Parl Cluster
============

Cluster Structure Overview
##########################

| There are three core concepts in a Parl cluster: master, worker and client.

- **Master:** The master node is the control center of a parl cluster, which
  provides connections to workers and clients. It receives tasks from clients
  and allocate vacant workers to run the tasks.

- **Worker:** A worker provides the cpu computation resources for the cluster.
  It will initiate separate job subprocesses waiting for tasks from the master.

- **Client:** For each training program, there is a unique global client which
  submits tasks to the master node.

.. image:: ./parallel_training/cluster_structure.png
  :width: 600px
  :align: center

Master
######

| There is only one master node in each parl cluster, we can start a master by
  calling ``xparl start --port 1234`` with a assigned port number. This command
  will also simultaneously start a local worker which connects to the new
  master.

| **master socket** will receive all kinds of message from workers, clients or
  cluster monitor, such as:

- A new worker connects the cluster. The master will start a heartbeat to check
  worker's status, and worker's jobs will be added to master's job center.
- A new client connects the cluster: The master will start a heartbeat to check
  client's status, and wait for client to submit a task.
- A worker updates its job buffer: The master will replace the new jobs for the
  killed old jobs in the job center.
- Cluster monitor query cluster status: The master will return the detailed
  status of the cluster (i.e. total cpu number, used cpu number, load average
  ...) to the monitor.

.. image:: ./parallel_training/master.png
  :width: 600px
  :align: center

Worker
######

| We can add more computation resources to an existed cluster by calling
  ``xparl --connect master_address`` command. This command will create a local
  **Worker** object and then connect to the cluster.

| When we start a new worker, it will first initiate separate job subprocesses
  in a job buffer. And then send the initialized worker to the master node.

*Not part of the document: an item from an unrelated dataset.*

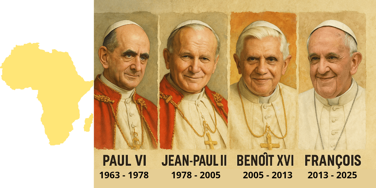 Il a fallu attendre le 262e pape de l’histoire pour avoir une visite pontificale officielle en Afrique. Ce fut en 1969. Et depuis ce temps, tous les papes ont foulé le sol du continent, à l’exception de Jean-Paul 1er (Albino Luciani) qui n’aura fait que 33 jours à la tête du Vatican.
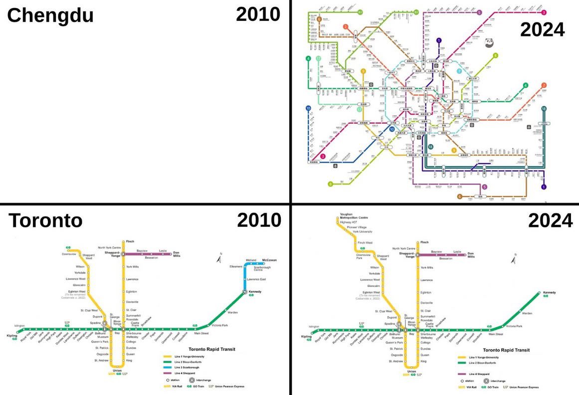 I’m just thinking of the major cities in my U.S. state where the public transit map, before and after, looks like Chengdu in 2010. So as unfortunate as the circumstances are in Toronto, they can be even worse.

| The worker will send a heartbeat signal to each job to check if it's still
  alive. When the worker find a job subprocess is dead, it will drop the dead
  job from the job buffer, start a new job and update worker information to
  the master node.

.. image:: ./parallel_training/worker.png
  :width: 600px
  :align: center

Client
######

| We have a global client for each training program, it submits training tasks
  to the master node. User do not need to interact with client object directly.
  We can create a new global client and connect it to the cluster by calling
  ``parl.connect(master_address)``.

| The global client will read local python scripts and configuration files,
  which will later be sent to remote jobs.

.. image:: ./parallel_training/client.png
  :width: 600px
  :align: center

Actor
#####

| **Actor** is an object defined by users which aims to solve a specific task.
  We use ``@parl.remote_class`` decorator to convert an actor to a
  remote class object, and each actor is connected to the global client.  

.. code-block:: python

  # connect global client to the master node
  parl.connect(master_address)

  @parl.remote_class
  class Actor(object)
    def __init__(self):
     ...

| When a decorated actor class object is instantiated, the global client will
  submit a task to the master node. Then the master node will pick a vacant job
  from the job center and send the job back to the client. The actor will make
  a connection with the job and send local files, class definition and
  initialization arguments to the job. Then the job will instantiate a local
  actor in the job process.

| When the actor call a function, the real computation will be executed in the
  job process by job's local actor.

.. image:: ./parallel_training/actor.png
  :width: 600px
  :align: center